Salary – Faculty positions often have a salary range of at least a few thousand dollars to account for the candidate’s experience, publication level, etc. So you usually can ask for a salary at least $2,000 above what you were offered. You may be told no or may be given the offer of $1,000. This is somewhat like selling a house. You want to get the best salary offer but not ask for such an increase that you shut down the negotiations. With public colleges and universities, you can find salaries posted online and find out what faculty are earning and what the most recent hires are being paid. One reason that salary is so important is that almost all increases you receive during your faculty career are based on a percentage increase of your salary. So the higher your starting salary, the more each of those salary increases will be.

Summer funding – Most faculty are on a nine-month appointment. Sometimes those other three months are crucial for faculty with research and publication demands. However, most faculty need some type of funding support during those three months to keep paying their bills. Some faculty are offered summer teaching.
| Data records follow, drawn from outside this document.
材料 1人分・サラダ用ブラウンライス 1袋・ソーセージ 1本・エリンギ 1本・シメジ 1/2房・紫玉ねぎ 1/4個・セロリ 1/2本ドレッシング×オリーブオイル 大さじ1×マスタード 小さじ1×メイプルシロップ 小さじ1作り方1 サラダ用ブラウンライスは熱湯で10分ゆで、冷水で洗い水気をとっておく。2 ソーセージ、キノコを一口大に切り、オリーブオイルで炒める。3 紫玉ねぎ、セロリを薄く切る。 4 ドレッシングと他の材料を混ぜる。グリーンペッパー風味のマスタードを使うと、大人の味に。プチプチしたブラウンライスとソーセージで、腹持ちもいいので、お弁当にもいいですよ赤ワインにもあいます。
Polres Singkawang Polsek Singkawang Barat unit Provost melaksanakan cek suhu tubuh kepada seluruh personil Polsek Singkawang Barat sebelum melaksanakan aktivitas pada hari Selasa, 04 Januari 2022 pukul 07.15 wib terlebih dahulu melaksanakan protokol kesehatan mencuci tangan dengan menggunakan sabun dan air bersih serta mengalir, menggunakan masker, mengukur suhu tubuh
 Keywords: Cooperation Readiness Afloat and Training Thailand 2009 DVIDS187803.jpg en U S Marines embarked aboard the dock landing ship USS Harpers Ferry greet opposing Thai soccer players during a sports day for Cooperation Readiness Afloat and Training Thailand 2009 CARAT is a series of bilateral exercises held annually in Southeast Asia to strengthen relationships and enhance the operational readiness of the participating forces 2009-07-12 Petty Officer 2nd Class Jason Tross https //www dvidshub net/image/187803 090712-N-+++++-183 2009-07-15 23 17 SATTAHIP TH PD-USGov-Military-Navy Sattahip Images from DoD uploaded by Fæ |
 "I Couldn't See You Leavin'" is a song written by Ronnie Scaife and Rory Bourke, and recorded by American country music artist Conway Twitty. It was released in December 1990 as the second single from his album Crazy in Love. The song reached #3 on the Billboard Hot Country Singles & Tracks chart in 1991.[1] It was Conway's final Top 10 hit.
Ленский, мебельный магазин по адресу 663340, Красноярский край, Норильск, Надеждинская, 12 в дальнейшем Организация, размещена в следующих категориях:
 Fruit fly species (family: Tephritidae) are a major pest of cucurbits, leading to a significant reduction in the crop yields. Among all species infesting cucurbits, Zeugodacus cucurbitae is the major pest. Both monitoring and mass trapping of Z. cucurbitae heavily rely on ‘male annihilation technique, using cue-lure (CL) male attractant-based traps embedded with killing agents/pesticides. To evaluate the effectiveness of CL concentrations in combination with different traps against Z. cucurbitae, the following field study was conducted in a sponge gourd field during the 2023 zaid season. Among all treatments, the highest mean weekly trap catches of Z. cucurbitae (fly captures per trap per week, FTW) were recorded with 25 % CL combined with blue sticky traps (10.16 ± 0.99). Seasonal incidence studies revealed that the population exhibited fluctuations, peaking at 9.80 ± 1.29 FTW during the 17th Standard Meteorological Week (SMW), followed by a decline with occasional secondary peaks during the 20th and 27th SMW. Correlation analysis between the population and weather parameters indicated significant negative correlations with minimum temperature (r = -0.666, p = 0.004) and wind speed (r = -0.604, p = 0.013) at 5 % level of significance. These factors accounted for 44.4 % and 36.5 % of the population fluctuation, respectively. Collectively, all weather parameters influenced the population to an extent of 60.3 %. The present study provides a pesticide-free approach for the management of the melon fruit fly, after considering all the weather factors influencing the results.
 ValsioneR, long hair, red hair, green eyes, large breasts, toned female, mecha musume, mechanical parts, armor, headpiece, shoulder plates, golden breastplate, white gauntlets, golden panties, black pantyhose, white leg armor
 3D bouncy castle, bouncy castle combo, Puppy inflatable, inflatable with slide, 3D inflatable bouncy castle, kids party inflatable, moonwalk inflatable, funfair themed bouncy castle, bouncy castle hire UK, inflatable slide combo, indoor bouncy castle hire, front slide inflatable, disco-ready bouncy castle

Some colleges and universities have summer research funding. You may have asked about these options during your campus visit. In your offer conversation, you can ask about your summer appointment and funding.

Funding for professional conferences – Attending professional conferences is an important aspect of faculty success, espeically for those on a tenure-track appointment. When a faculty member goes through tenure review, typically one has to demonstrate achievement in the field, which can be demonstrated in part by making presentations a professional conferences. These conferences also are the time to make crucial connections with colleagues in the field. So you will want your college to fund a certain number of conferences. Many colleges provide a set amount per faculty member per year.  The faculty member then has to decide how best to use that funding for professional travel.
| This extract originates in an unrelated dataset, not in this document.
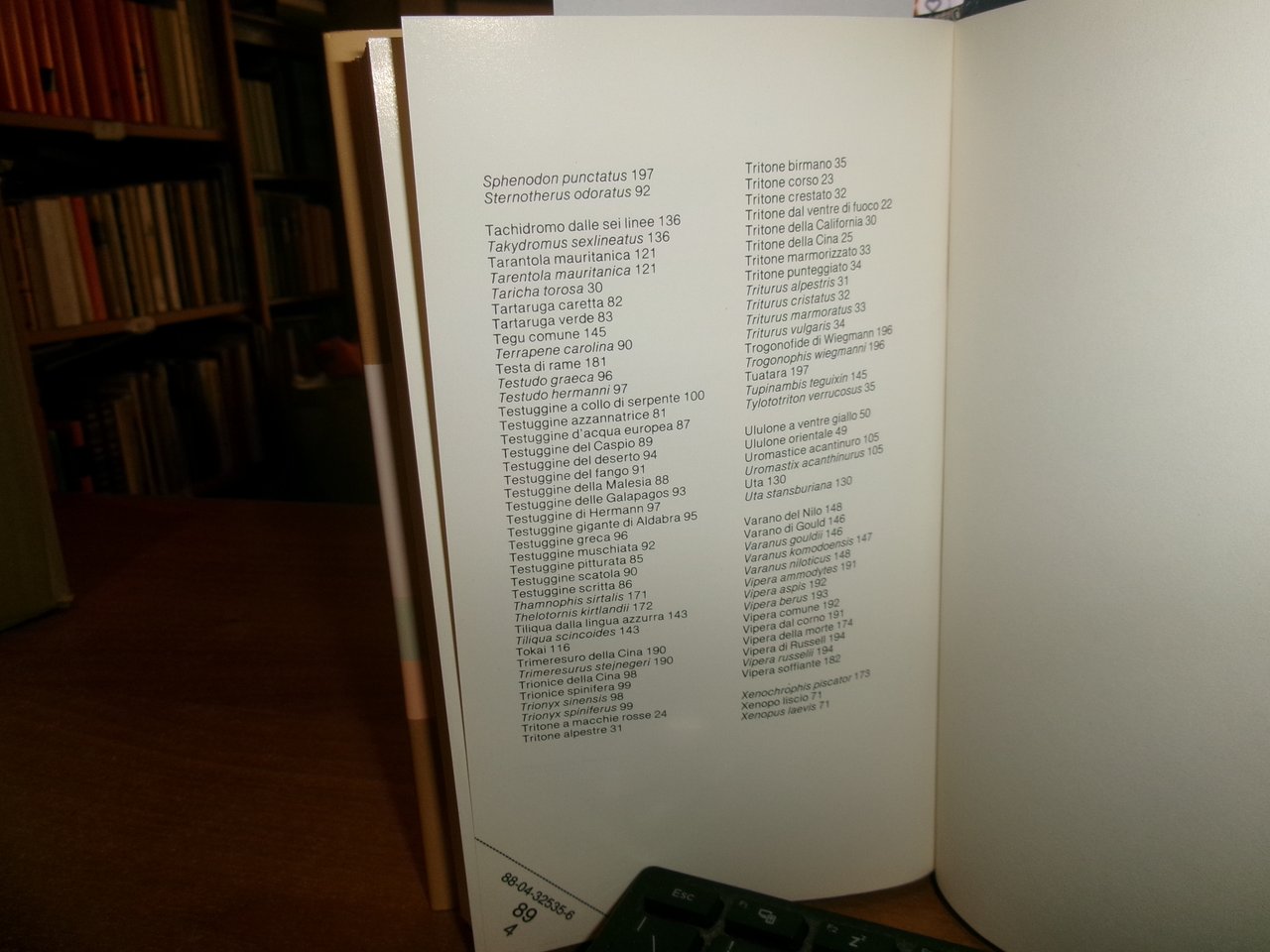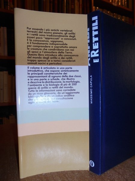 Massimo, Capula. Milano, Arnoldo Mondadori, 1989. Anfibi e Rettili. In-16° grande, similpelle con sovracopertina. 255, (1) pp. con numerose fotografie a colori nel testo di Giuseppe Mazza. Come nuovo. Neg. viaggi

Teaching load and course preparations – When you made your campus visit, you should have begun the discussion about what courses you would teach and how many courses you would teach each semester. Often the college has a set requirement, but that can differ if you are expected to do research or if you have a teaching appointment. Sometimes you can negotiate a course reduction your first year, as you are getting settled into a new job or if you are developing a new course. You also may want to try and negotiate how many different courses you will be teaching. Carrying a three-three load (teaching three courses each semester) is different if you are teaching the same three courses both semesters or if you are teaching three courses one semester and three different courses the next semester.

Employment support for spouse – Some universities have an office that assists faculty spouses (or domestic partners) locate employment. Most higher ed institutions provide at least some level of support for spouse/partner employment, as that can be a crucial part of the job’s appeal for some candidates. That may have been something you asked about during your campus visit or you may not, as you didn’t want to add another variable to selecting you as the candidate to hire. Check on the college or university’s website to see what is posted there.

Computer and software – More and more faculty jobs require the use of computers — creating class presentations with Keynote or PowerPoint, setting up and operating a course management system with a course blog or campus management system (such as Blackboard), and analyzing research data. During your campus visit, you probably talked with the administration and with faculty members about the technology situation. If you are going to be teaching courses that require computer use, such as teaching in a computer lab, you also will want to ask about software upgrades for your office computer and the lab computers.

Benefits such as health care and retirement are spelled out in the university or college guidelines, which are posted online. Don’t try to negotiate any changes in this area.

When you receive the phone call of offer, start off by focusing on what the director/dean is saying and then being positive about the position. Even if you hope to improve the offer, you don’t want to jump right into your negotiating list. You want to establish a positive connection with the director/dean.

At the end of the conversation, you want to ask for some time to make your decision.

That also can give the dean/director time, if needed, to determine the response to your negotiating requests. Sometimes the director/dean will be able to respond to your request (such as a salary increase) right then. With other requests, the director/dean may need to check with the department chair or others before giving you an answer.